Provided data:

......

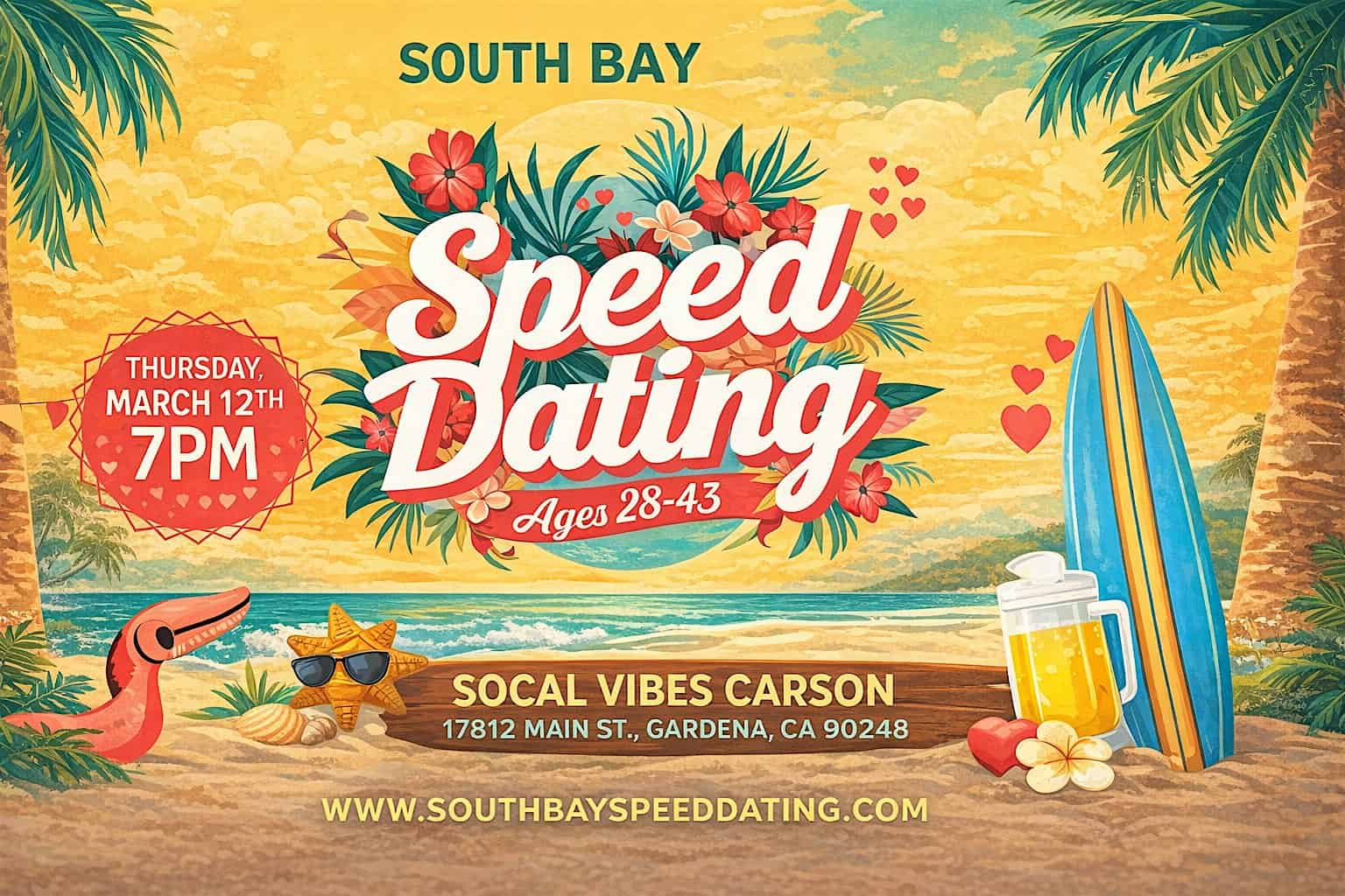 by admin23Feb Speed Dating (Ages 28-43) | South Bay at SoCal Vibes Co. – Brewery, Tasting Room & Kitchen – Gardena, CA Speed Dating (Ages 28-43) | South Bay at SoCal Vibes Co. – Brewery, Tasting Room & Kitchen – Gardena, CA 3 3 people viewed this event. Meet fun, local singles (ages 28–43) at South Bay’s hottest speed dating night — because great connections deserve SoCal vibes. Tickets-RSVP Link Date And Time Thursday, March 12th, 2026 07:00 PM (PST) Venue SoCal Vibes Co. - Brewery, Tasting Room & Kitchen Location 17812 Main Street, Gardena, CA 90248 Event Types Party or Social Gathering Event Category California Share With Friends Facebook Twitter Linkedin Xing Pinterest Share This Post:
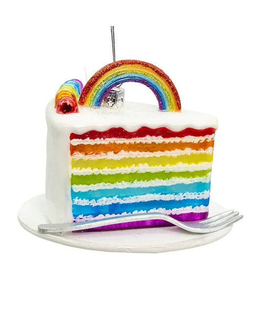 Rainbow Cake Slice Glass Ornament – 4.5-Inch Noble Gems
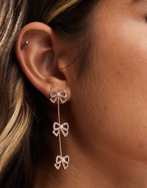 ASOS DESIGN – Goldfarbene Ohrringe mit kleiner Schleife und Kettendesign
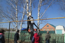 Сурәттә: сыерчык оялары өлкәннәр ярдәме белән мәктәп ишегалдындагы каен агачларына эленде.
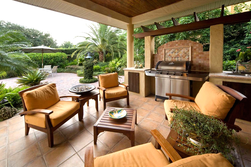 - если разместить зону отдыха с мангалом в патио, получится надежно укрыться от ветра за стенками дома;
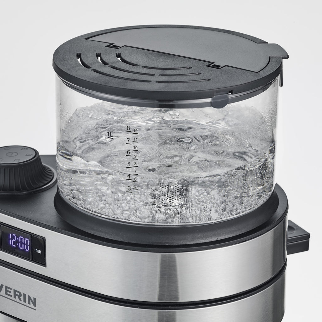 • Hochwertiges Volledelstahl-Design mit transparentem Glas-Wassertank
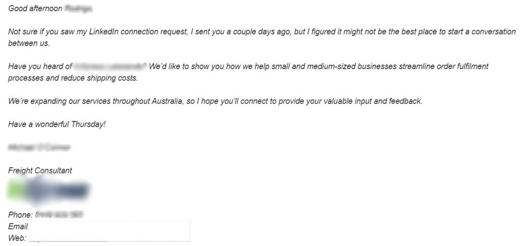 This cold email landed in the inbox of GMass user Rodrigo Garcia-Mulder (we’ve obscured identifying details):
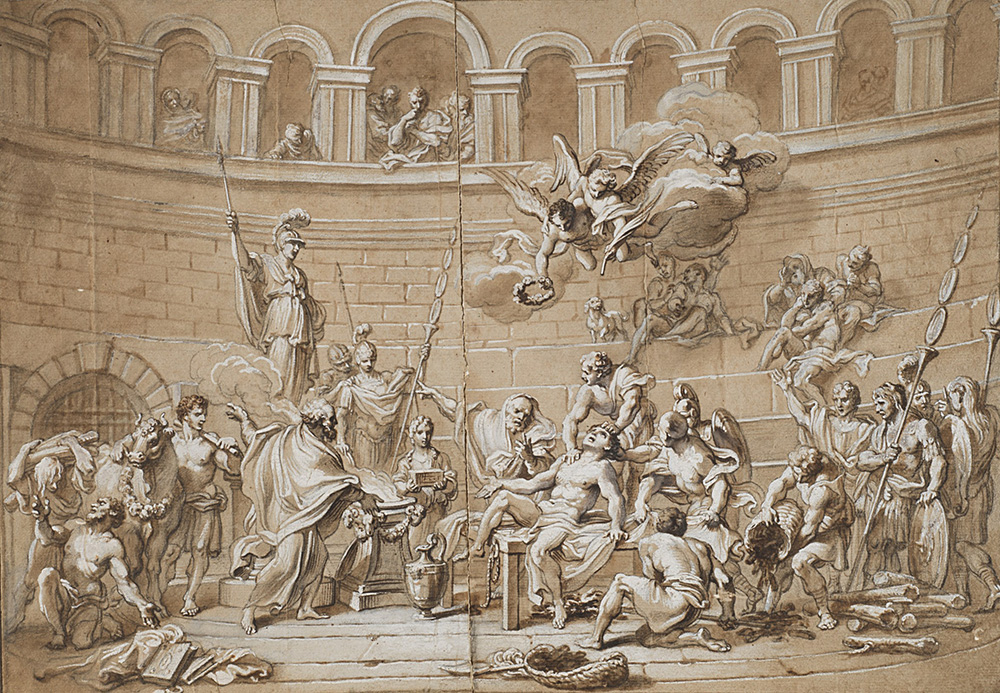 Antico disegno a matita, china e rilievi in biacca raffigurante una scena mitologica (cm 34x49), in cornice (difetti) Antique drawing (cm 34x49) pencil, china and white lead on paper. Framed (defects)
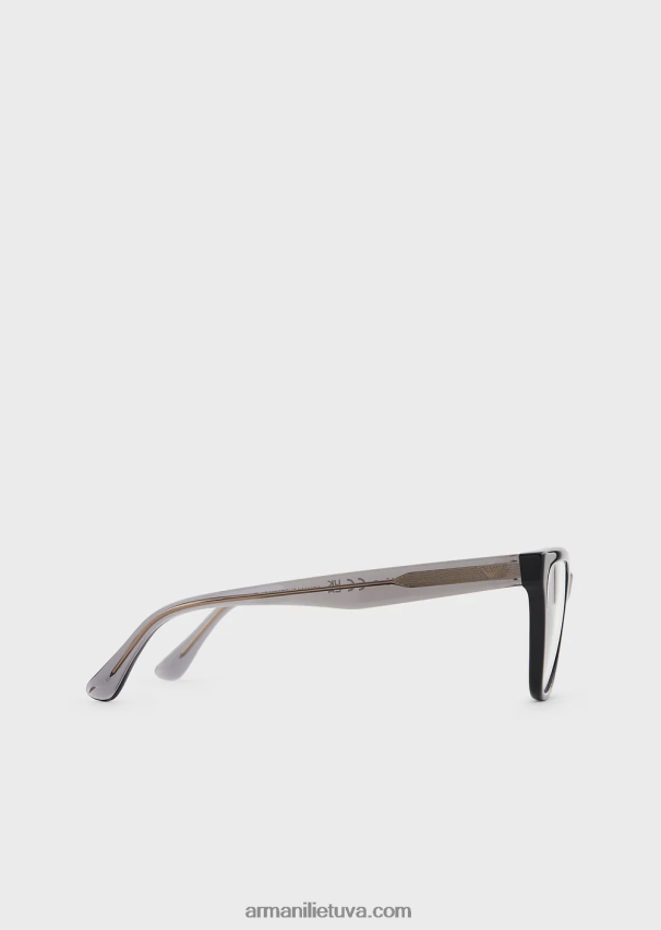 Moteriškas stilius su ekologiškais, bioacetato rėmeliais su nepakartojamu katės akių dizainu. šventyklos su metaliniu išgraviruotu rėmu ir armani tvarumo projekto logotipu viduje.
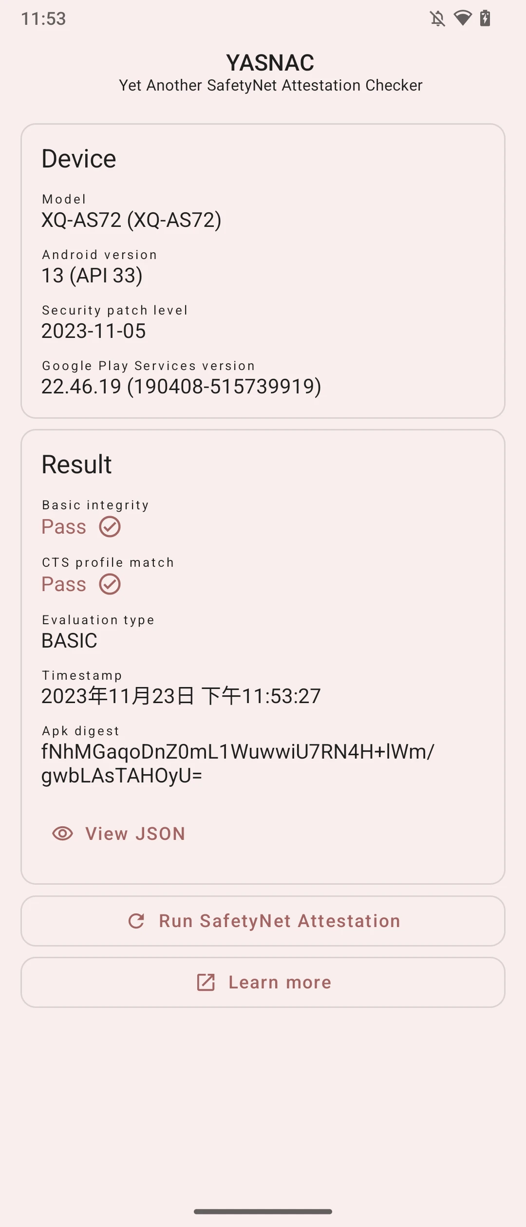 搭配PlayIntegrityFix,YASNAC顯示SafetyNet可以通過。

......

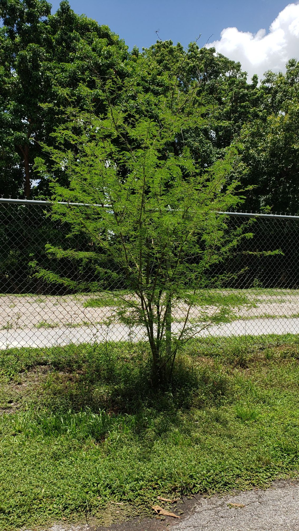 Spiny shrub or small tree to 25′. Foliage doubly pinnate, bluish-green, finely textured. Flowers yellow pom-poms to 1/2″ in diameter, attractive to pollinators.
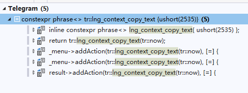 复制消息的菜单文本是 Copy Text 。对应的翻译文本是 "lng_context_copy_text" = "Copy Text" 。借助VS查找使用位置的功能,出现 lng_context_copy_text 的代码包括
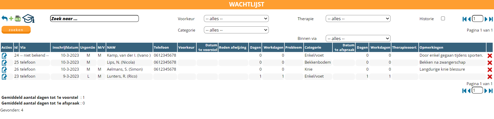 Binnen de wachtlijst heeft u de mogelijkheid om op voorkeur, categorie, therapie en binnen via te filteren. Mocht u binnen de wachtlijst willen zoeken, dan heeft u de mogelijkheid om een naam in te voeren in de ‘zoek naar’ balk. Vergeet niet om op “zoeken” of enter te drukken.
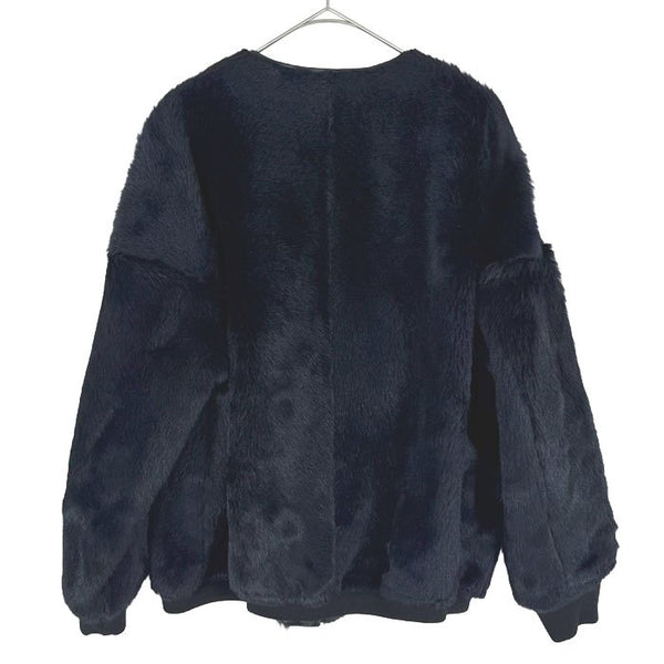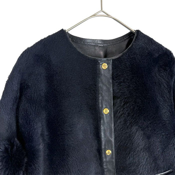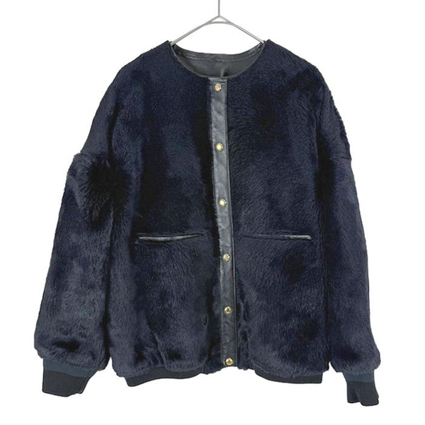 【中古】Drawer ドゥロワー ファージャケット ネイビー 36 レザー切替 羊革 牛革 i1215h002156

......

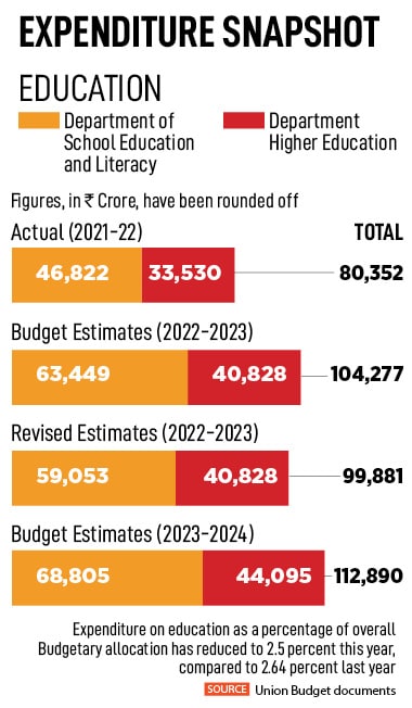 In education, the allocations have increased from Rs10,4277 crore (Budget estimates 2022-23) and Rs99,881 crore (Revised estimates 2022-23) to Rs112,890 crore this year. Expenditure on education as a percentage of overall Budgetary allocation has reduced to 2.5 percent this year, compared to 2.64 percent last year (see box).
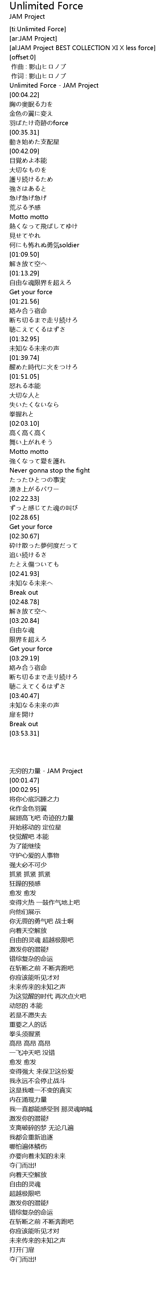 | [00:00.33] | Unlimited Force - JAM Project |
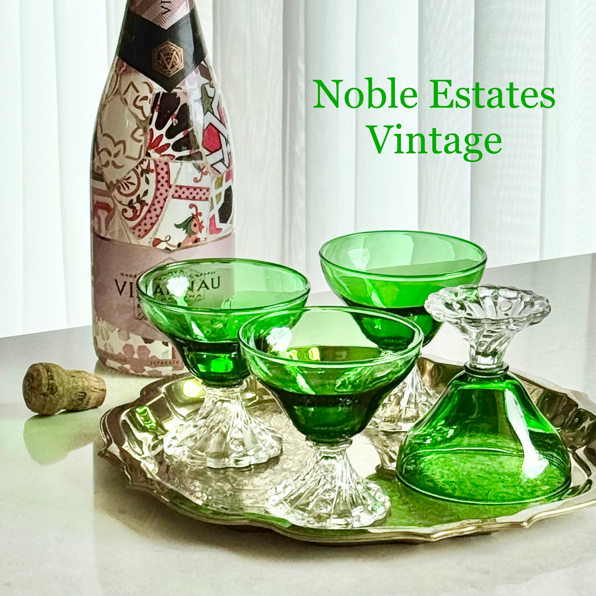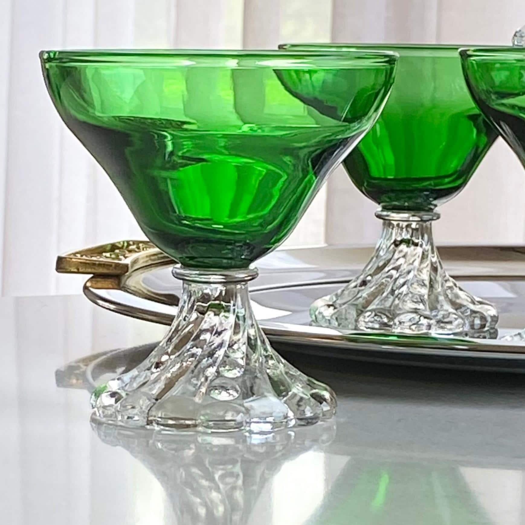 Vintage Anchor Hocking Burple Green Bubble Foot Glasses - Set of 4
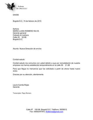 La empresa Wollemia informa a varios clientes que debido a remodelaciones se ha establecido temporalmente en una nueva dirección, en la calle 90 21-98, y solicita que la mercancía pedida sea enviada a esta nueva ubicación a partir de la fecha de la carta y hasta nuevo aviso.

......

Requirement:
Reproduce the lines above starting at the one with "Vintage Anchor Hocking" and ending at the one with "La empresa Wollemia", both included, exactly and with no pictures.

Exercise response:
 Vintage Anchor Hocking Burple Green Bubble Foot Glasses - Set of 4
 La empresa Wollemia informa a varios clientes que debido a remodelaciones se ha establecido temporalmente en una nueva dirección, en la calle 90 21-98, y solicita que la mercancía pedida sea enviada a esta nueva ubicación a partir de la fecha de la carta y hasta nuevo aviso.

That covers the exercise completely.